Moral laws were not written so they could be practiced by some and not by others. They call on all of us to curb our worst instincts so we can live together, to refrain from committing acts of egregious exploitation that spread suffering. Moral teachings are guideposts. They keep us, even when we stray, as we all do, on the right path. The strange, disjointed fragments of our lives can be comprehended only when we acknowledge our insecurities and uncertainties, when we accept that we will never know what life is about or what it is supposed to mean. We must do the best we can, not for ourselves, the great moralists remind us, but for those around us. Trust is the compound that unites us. The only lasting happiness in life comes with giving life to others. The quality of our life, of all life, is determined by what we give and how much we sacrifice. We live not by exalting our own life but by being willing to lose it.

The moral life, in the end, will not protect us from evil. The moral life protects us, however, from committing evil. It is designed to check our darker impulses, warning us that pandering to impulses can have terrible consequences. It seeks to hold community together. It is community that gives our lives, even in pain and grief, a healing solidarity. It is fealty to community that frees us from the dictates of our idols, idols that promise us fulfillment through self-gratification. These moral laws are about freedom. They call us to reject and defy powerful forces that rule our lives and to live instead for others, even if this costs us status and prestige and wealth.

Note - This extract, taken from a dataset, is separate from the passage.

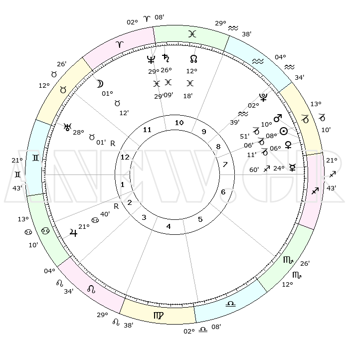 | | ΘΕΣΕΙΣ ΠΛΑΝΗΤΩΝ ΑΣΤΡΟΛΟΓΙΚΟΥ ΧΑΡΤΗ ΤΗΣ ΣΤΙΓΜΗΣ ΑΥΤΗΣ | | | | Πλανήτης | Ζώδιο | Μοίρες | Δεκαήμ. | Σε οίκο | Απόκλιση | | Ακμές των οίκων | | Ηλιος | Αιγόκερως | 08°02' | Πρώτο | 8 | 23 S 11 | | 1ος | 25°30' | Ταύρος | | Σελήνη | Ταύρος | 00°15' | Πρώτο | 12 | 15 N 09 | | 2ος | 21°15' | Δίδυμοι | | Ερμής | Τοξότης | 24°53' | Τρίτο | 8 | 23 S 37 | | 3ος | 12°51' | Καρκίνος | | Αφροδίτη | Αιγόκερως | 06°06' | Πρώτο | 8 | 23 S 42 | | 4ος | 05°19' | Λέων | | Αρης | Αιγόκερως | 10°48' | Δεύτερο | 8 | 23 S 52 | | 5ος | 03°02' | Παρθένος | | Δίας | Καρκίνος | 21°40'R | Τρίτο | 3 | 21 N 55 | | 6ος | 10°43' | Ζυγός | | Κρόνος | Ιχθείς | 26°09' | Τρίτο | 11 | 03 S 37 | | 7ος | 25°30' | Σκορπιός | | Ουρανός | Ταύρος | 28°01'R | Τρίτο | 1 | 19 N 31 | | 8ος | 21°15' | Τοξότης | | Ποσειδώνας | Ιχθείς | 29°29' | Τρίτο | 11 | 01 S 26 | | 9ος | 12°51' | Αιγόκερως | | Πλούτωνας | Υδροχόος | 02°39' | Πρώτο | 9 | 23 S 14 | | 10ος | 05°19' | Υδροχόος | | Β. Δεσμός | Ιχθείς | 12°18' | Δεύτερο | 11 | 06 S 57 | | 11ος | 03°02' | Ιχθείς | | Ωροσκόπος | Ταύρος | 25°30' | Τρίτο | | | 12ος | 10°43' | Κριός | | Μεσουράνημα | Υδροχόος | 05°19' | Πρώτο | | | |

Turn away from the moral life and you end in disaster. You sink into a morass of self-absorption and greed. You breed a society that celebrates fraud, theft and violence, you turn neighbor against neighbor, you confuse presentation and image with your soul. Moral rules are as imperative to sustaining a community as law. And all cultures have sought to remind us of these basic moral restraints, ones that invariably tell us that successful communities do permit its members to exploit each other but ensure that they sacrifice for the common good. The economic and social collapse we face was presaged by a moral collapse. And our response must include a renewed reverence for moral and social imperatives that acknowledge the sanctity of the common good.

The German philosopher Ludwig Wittgenstein said, “Tell me ‘how’ you seek and I will tell you ‘what’ you are seeking.” We all are seekers, even if we do not always know what we are looking to find. We are all seekers, even if we do not always know how to frame the questions. In those questions, even more than the answers, we find hope in the strange and contradictory fragments of our lives. And it is by recovering these moral questions, too often dismissed or ignored in universities and boardrooms across the country, laughed at on the stock exchange, ridiculed on reality television as an impediment to money and celebrity, that we will again find it possible to be whole.